Here’s why I chose this hybrid approach:

Go handles:

  • Web server (HTTP routing)
  • Repository cloning (using go-git)
  • Executing the Python analyzer as a subprocess
  • Parsing JSON responses

Python handles:

  • File system traversal
  • AST generation (using tree-sitter)
  • Code analysis and metrics

The key design decision was keeping them decoupled. Go just executes Python and reads JSON from stdout. This means you could swap Python for anything - Ruby, Node.js, whatever - without touching Go code.

How It Works

Here’s the flow:

  1. You paste a URL like https://github.com/user/repo
  2. Go validates it’s a valid GitHub URL
  3. Go clones the repo to a temporary directory
  4. Go spawns Python to analyze it
  5. Python walks every file, parses ASTs, counts functions/classes
  6. Python outputs JSON
  7. Go parses JSON and sends it back to the browser

The interface is dead simple - a text input and a submit button. That’s it.

The Interesting Parts

AST Analysis with tree-sitter

Tree-sitter is incredible. It generates precise Abstract Syntax Trees for code, which means you can actually understand code structure rather than just regex matching.

For example, counting functions in Python:

def calculate_complexity(node):
    if 'function' in node.type.lower():
        function_count += 1
    for child in node.children:
        calculate_complexity(child)

Simple recursive tree traversal. But it works across 25+ languages!

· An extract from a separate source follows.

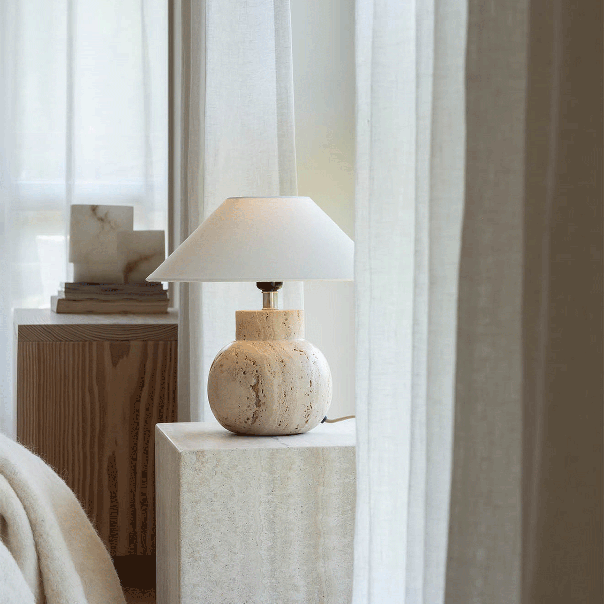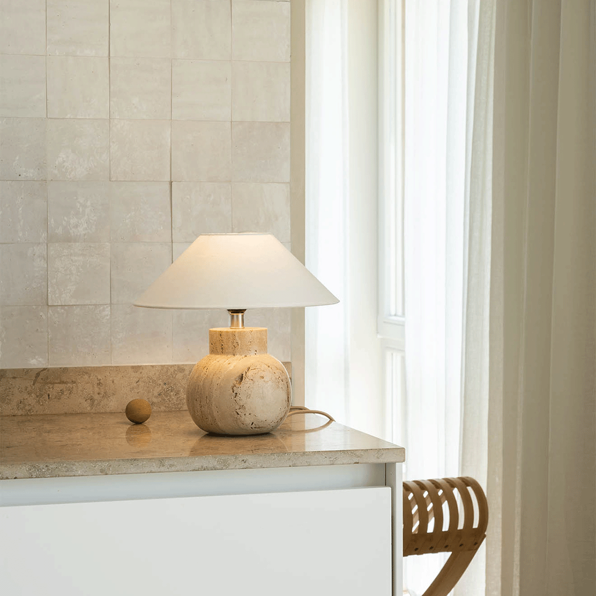 Pella Traverin bordlampe kombinerer rustikk sjarm med tidløs eleganse. Den runde formen og den rå travertin-overflaten gir et mykt og organisk uttrykk. Travertin er en porøs naturstein med unike farge- og mønsterdetaljer, noe som gjør hver lampe helt unik. Velg en lampeskjerm etter eget ønske for å skape en personlig og stilfull bordlampe som passer til både moderne og klassiske interiørstiler. Lampen leveres med en beige tekstilledning med bryter, som tilfører en elegant kontrast til steinen.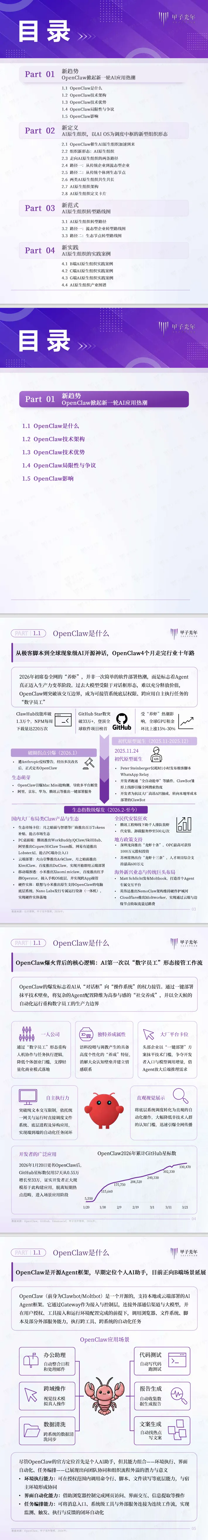 摘要:OpenClaw作为开源Agent框架,4个月走完行业十年发展路径,从个人AI助手向B端场景快速延展,它让AI从对话能力转向实际执行,具备全域执行、跨工具调度、任务自动拆解、闭环执行的能力,真正实现AI“干活”。本报告分析了OpenClaw催生的AI原生组织——以AIOS为调度中枢、Agent为执行单元的动态协同网络,梳理了企业转向流态型企业、个体转向生态节点的转型路径,以及对应的实践案例,展现AI驱动的组织形态变革方向。

The Interface Between Languages

I kept the Go↔Python interface dead simple:

# Python outputs JSON to stdout
print(json.dumps(report))

# Go captures it
cmd := exec.Command("python3", "analyzer/main.py")
output, _ := cmd.CombinedOutput()

No sockets, no HTTP between them. Just stdout. This makes debugging easy too - you can run the Python script manually and see exactly what it outputs.

What I Learned

  1. Language mixing is practical - Using Go for orchestration and Python for analysis played to each language’s strengths

  2. tree-sitter is powerful - It’s not just for editors. Any code analysis tool can benefit from precise ASTs

  3. Simple interfaces win - The JSON-over-stdout pattern is nothing fancy, but it’s robust and easy to debug

What’s Missing

There’s a lot more I could add:

  • Cyclomatic complexity metrics
  • Coupling analysis between files
  • Visualization of code structure
  • Support for private repos

Maybe version 2?

Check It Out

The project is ready to use if you want to try it. Clone the repo, run ./run, and open http://localhost:8081. Paste any public GitHub URL and see what it finds.

It’s fascinating to see what these tools reveal about different codebases!